## TASK INSTRUCTIONS
Without its pictures, the listing below is to be transcribed exactly.

## DATA BELOW

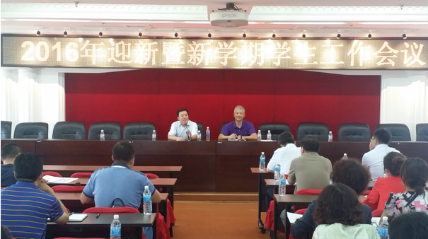 为做好2016级新生入学报到和新学期各项学生工作,我校于8月23日上午在A区行政中心612会议室召开了迎新暨新学期学生工作会议。参加会议的人员有校党委副书记杨殿军、迎新有关职能部门负责人、学生工作各职能部门全体工作人员、各学院党总支书记及副书记、处级辅导员、辅导员。校学生工作部部长白云龙主持会议。
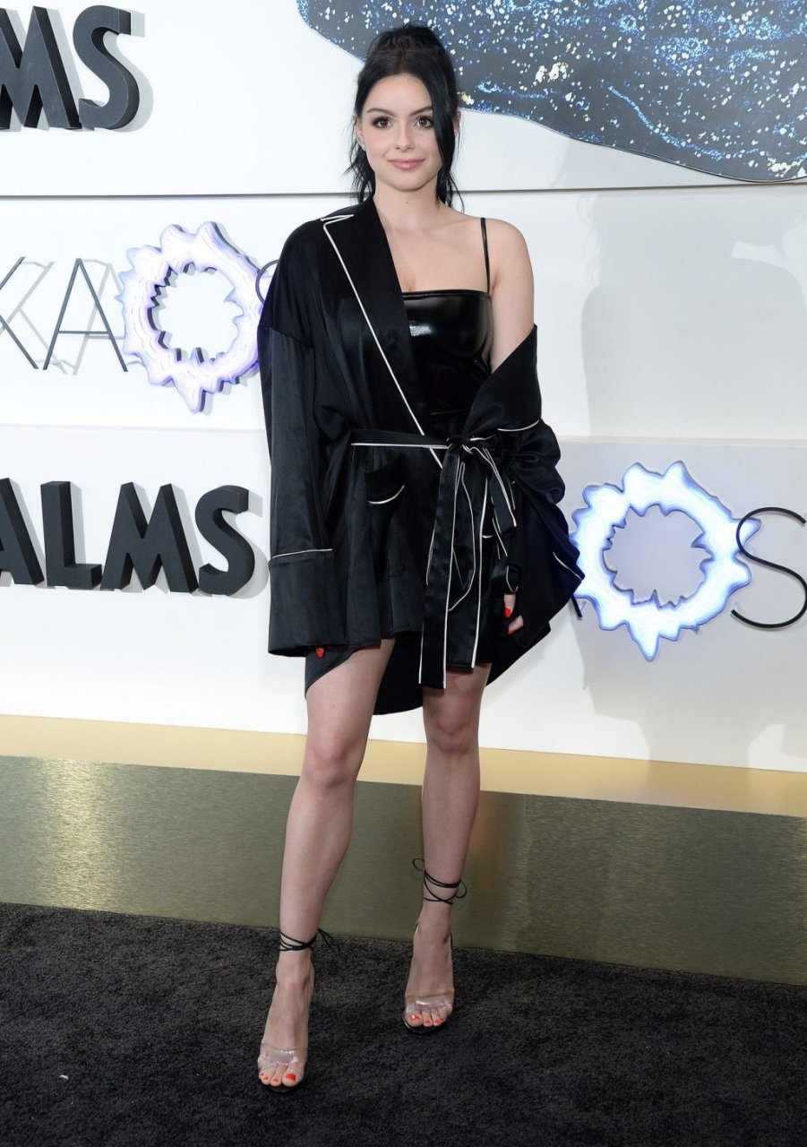 La morena Ariel Winter mostró sus sexy y súper tonificadas piernas en la inauguración de Palms/KAOS en Las Vegas, 05/04/2019. La actriz de 21 años llevaba un mini vestido negro con una bata encima.
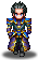 Rowen has black hair and blue eyes and black and blue armor.
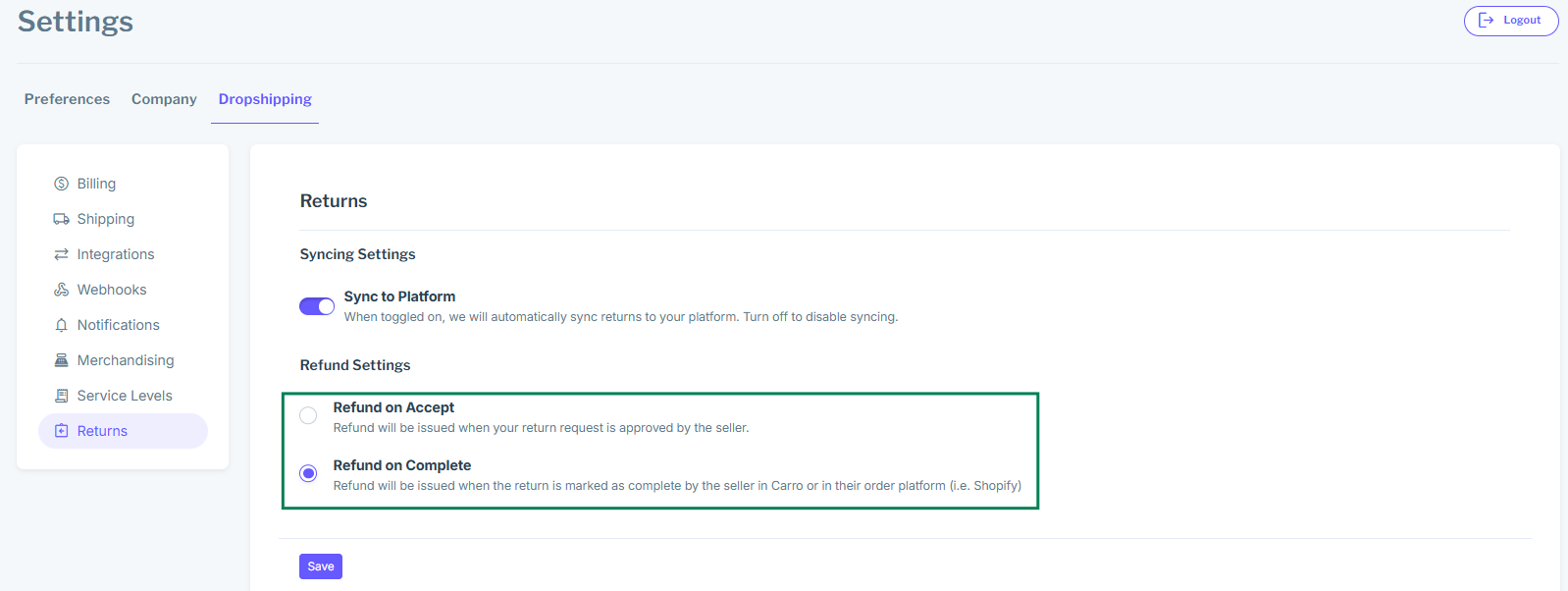 Refund setting - This setting will control when your customer gets a refund for the funds transacted through your ecommerce checkout. You can choose to either refund the order total to your customer when the return is accepted or completed by your partner.

## SOLUTION
 为做好2016级新生入学报到和新学期各项学生工作,我校于8月23日上午在A区行政中心612会议室召开了迎新暨新学期学生工作会议。参加会议的人员有校党委副书记杨殿军、迎新有关职能部门负责人、学生工作各职能部门全体工作人员、各学院党总支书记及副书记、处级辅导员、辅导员。校学生工作部部长白云龙主持会议。
 La morena Ariel Winter mostró sus sexy y súper tonificadas piernas en la inauguración de Palms/KAOS en Las Vegas, 05/04/2019. La actriz de 21 años llevaba un mini vestido negro con una bata encima.
 Rowen has black hair and blue eyes and black and blue armor.
 Refund setting - This setting will control when your customer gets a refund for the funds transacted through your ecommerce checkout. You can choose to either refund the order total to your customer when the return is accepted or completed by your partner.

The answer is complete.